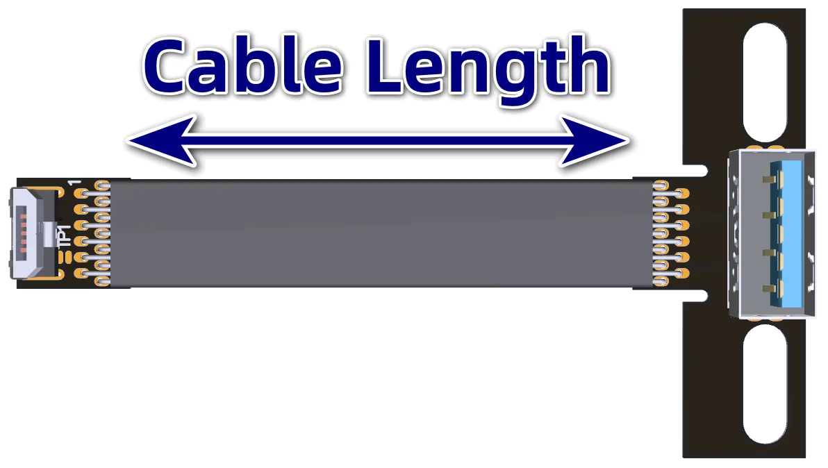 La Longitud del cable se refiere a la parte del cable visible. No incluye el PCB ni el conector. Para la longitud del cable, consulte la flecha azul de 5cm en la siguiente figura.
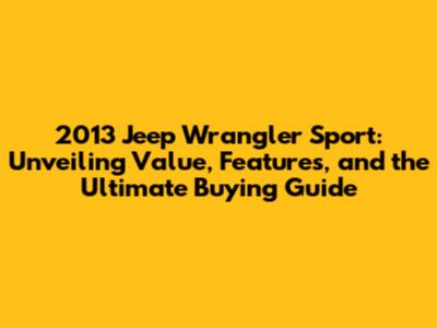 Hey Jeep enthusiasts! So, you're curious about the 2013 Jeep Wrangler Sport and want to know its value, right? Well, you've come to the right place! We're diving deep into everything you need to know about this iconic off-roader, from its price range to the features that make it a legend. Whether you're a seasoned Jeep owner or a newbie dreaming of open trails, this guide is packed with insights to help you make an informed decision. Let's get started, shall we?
* * *
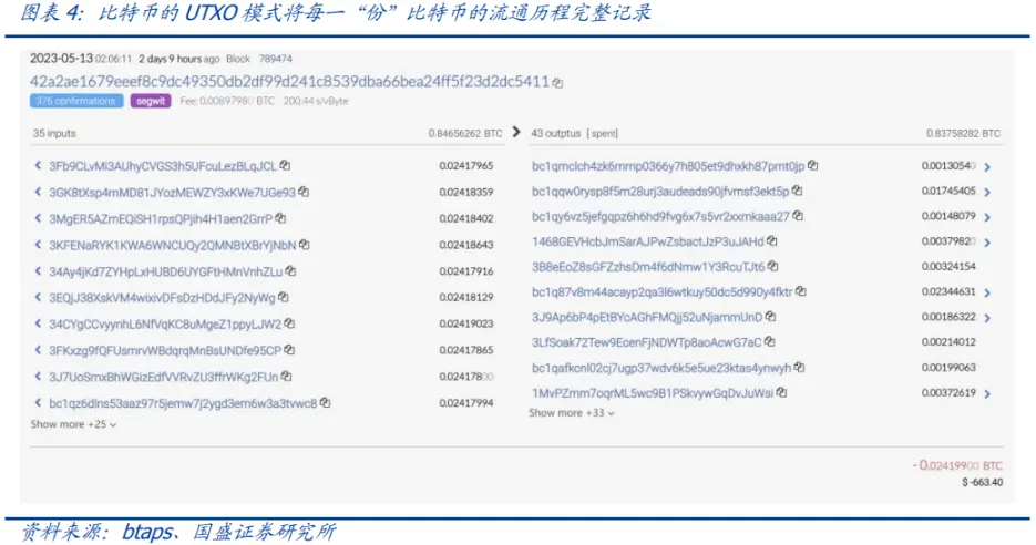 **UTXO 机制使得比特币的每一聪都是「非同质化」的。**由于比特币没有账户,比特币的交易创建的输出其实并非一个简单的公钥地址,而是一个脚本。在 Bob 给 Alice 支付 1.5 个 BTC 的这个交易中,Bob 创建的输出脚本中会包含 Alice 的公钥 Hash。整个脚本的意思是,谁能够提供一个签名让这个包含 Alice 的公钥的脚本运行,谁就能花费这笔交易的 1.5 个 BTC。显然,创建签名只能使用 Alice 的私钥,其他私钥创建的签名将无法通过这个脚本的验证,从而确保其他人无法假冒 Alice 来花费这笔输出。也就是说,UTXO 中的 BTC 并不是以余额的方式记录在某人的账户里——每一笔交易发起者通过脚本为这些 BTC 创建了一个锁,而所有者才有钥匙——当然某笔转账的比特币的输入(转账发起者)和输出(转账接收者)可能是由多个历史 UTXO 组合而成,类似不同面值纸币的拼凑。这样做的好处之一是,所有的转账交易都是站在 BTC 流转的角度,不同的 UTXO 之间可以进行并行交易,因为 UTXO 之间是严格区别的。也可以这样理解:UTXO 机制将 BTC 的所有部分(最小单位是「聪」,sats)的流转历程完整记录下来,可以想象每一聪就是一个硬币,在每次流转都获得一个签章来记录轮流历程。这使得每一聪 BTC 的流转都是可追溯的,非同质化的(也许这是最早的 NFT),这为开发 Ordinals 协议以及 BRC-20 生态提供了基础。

Exercise goal
Pictures in the material above should be skipped; print exactly the lines from the one with "La Longitud del cable se" through the one with "Hey Jeep enthusiasts!".

Exercise solution
 La Longitud del cable se refiere a la parte del cable visible. No incluye el PCB ni el conector. Para la longitud del cable, consulte la flecha azul de 5cm en la siguiente figura.
 Hey Jeep enthusiasts! So, you're curious about the 2013 Jeep Wrangler Sport and want to know its value, right? Well, you've come to the right place! We're diving deep into everything you need to know about this iconic off-roader, from its price range to the features that make it a legend. Whether you're a seasoned Jeep owner or a newbie dreaming of open trails, this guide is packed with insights to help you make an informed decision. Let's get started, shall we?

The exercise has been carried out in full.